Real time quantitative polymerase chain reaction (RT-qPCR) is a widely popular technique for relative gene expression analysis, particularly during development. Reference genes within a RT-qPCR serve as internal controls for standard correction or normalisation4. Ideal reference genes should be stable throughout the diverse experimental conditions. Their expression is expected to be under different regulatory mechanisms/pathways than the ones being investigated. However, no single reference genes have been shown to be universally constant during development. Furthermore, many studies have shown that traditionally used popular housekeeping genes used to normalize gene expression vary considerably under different conditions5,6,7,8. There is currently only one study reporting the expression of reference genes for X. laevis 7 and another for its close relative, Xenopus tropicalis 8. In both cases, the reference genes characterised were the top most commonly used orthologues of genes found stably expressed in mammal tissues or were identified by systematic comparisons with traditional reference genes in mammals. These include the genes, glyceraldehyde-3-phosphate dehydrogenase (gadph), beta-actin (actb), H4-histone protein (h4), elongation factor eEF-1 alpha (eef1a1), and ornithine decarboxylase (odc1). However, several reports demonstrate that these choices can lead to inadequate normalization of gene expression. gadph, actb and h4 have been shown to be differentially expressed during the pre- and post-natal periods in mammals9,10,11. The latter two, eef1a1 and odc1, also exhibit varying expression levels before and after the mid-blastula (MBT) stage (shown below). There is, therefore, a need for identification and validation of alternative reference genes.

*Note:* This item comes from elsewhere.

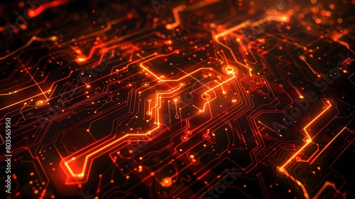 A dark background with glowing orange and red circuit lines, representing data flow in technology.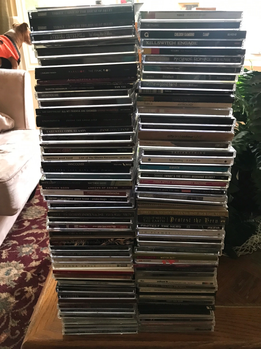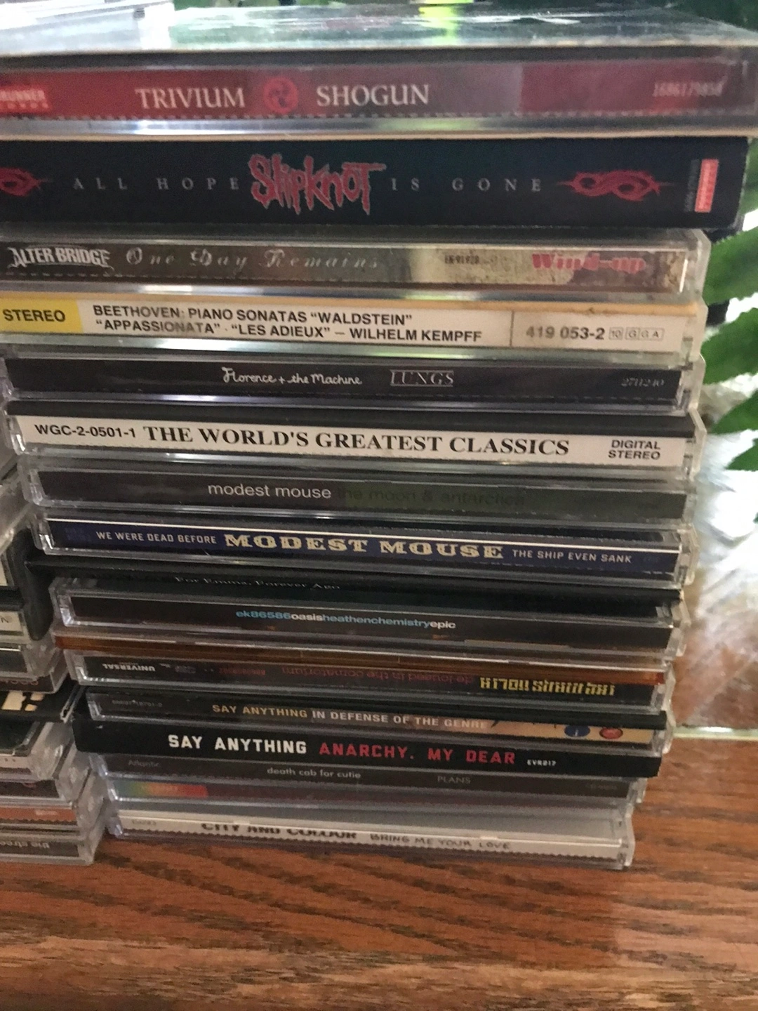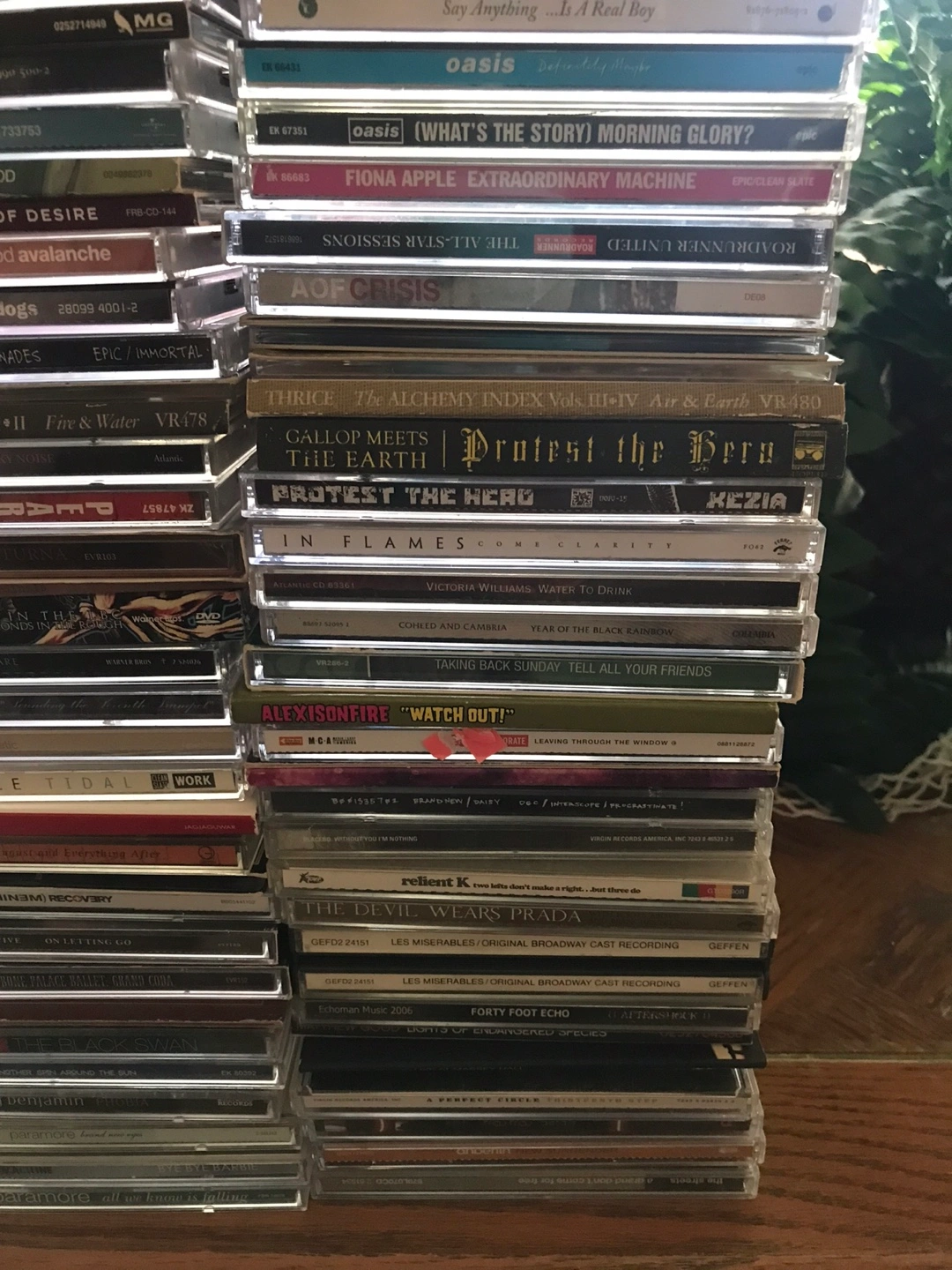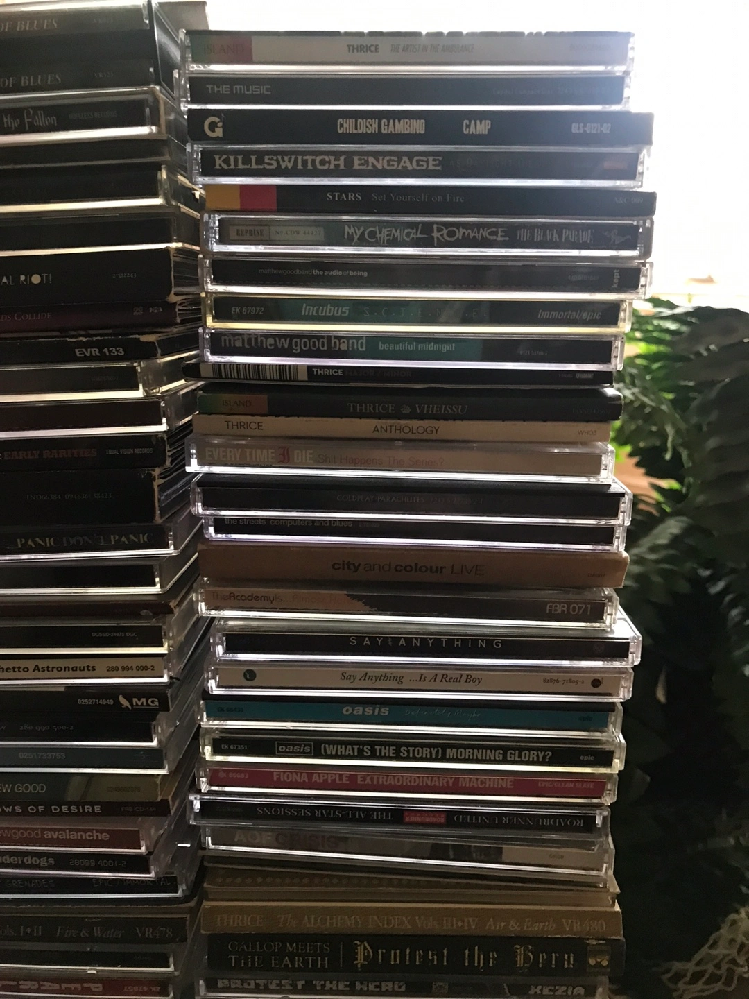 4$ each. Selling a large collection of mixed CDs. Includes artists like Thrice, Avenged Sevenfold, Paramore, and many others. Great for anyone looking to expand their music library!

Deep RNA sequencing (RNA-seq) has become a powerful tool in high-throughput transcriptomic studies with its high resolution, large data set, and sensitivity. Recently, this  technique has been used to identify novel reference genes for model systems such as the human cell cultures, zebrafish, mice and plants12,13,14,15. In this study, we used the recent RNA-seq data from Session et al., to identify the most stably expressed genes during X. laevis development3. Their expression stability was further validated using RT-qPCR. We used four statistical algorithms, delta-CT16, geNorm17, BestKeeper18 and NormFinder19. According to their stability, we identified the best reference genes candidates during different stages of X. laevis development. We further identified and validated the reference gene candidates for stage NF48 X. laevis brains when studying thyroid hormone signalling and its disruption.

Material and Methods

Animal husbandry and collection

The Xenopus laevis strains (outbred, wildtype, Centre de Ressources Biologiques Xénopes Rennes) were maintained in accordance with institutional and European guidelines (2010/63/UE Directive 2010). All procedures and experiments performed were approved and in accordance by the local ethic committee (Museum National d’Histoire Naturelle, Project approval N°68.039). X. laevis eggs were obtained from females after injection with 500–800 units of human chorionic gonadotrophin hormone, hCG (MSD Santé Animale, France). Tadpoles were obtained by in vitro fertilisation and “de-jellied” using 2% cysteine solution (pH 7.8) in Marc’s Modified Ringer’s (MMR, 0.1 M NaCl, 2.0 mM KCl, 1 mM MgSO4, 2 mM CaCl2, 5 mM HEPES (pH 7.8), 0.1 mM EDTA). The animals were reared in 0.1x MMR (pH7.4) at 23°C. The tadpoles were staged according to the Xenopus table of development and collected20.

Early stage embryos including unfertilised oocytes (NF0), NF1, NF10, NF21, NF24, NF37, NF41 and NF50 were anesthetized with 0.01% MS-222, rinsed with sterile water, placed in 1.5 ml Sorenson tubes containing 100 μl lysis buffer (provided in RNAqueous micro kit (Ambion)) 3 embryos per tube, flash frozen in liquid nitrogen and stored at −80 °C until RNA extraction. For brain collection at stages, NF41, NF50, NF54, NF56, NF57, NF61 and NF66, the tadpoles were anesthetised in 0.01% MS-222, rinsed with sterile water, and their brains dissected on ice under sterile RNase-free conditions. A pool of 3 brains were placed in 1.5 ml Sorenson tubes containing 100 μl lysis buffer (provided in RNAqueous micro kit (Ambion)), flash frozen in liquid nitrogen and stored at −80 °C until RNA extraction. For each developmental stage, three biological replicates were collected.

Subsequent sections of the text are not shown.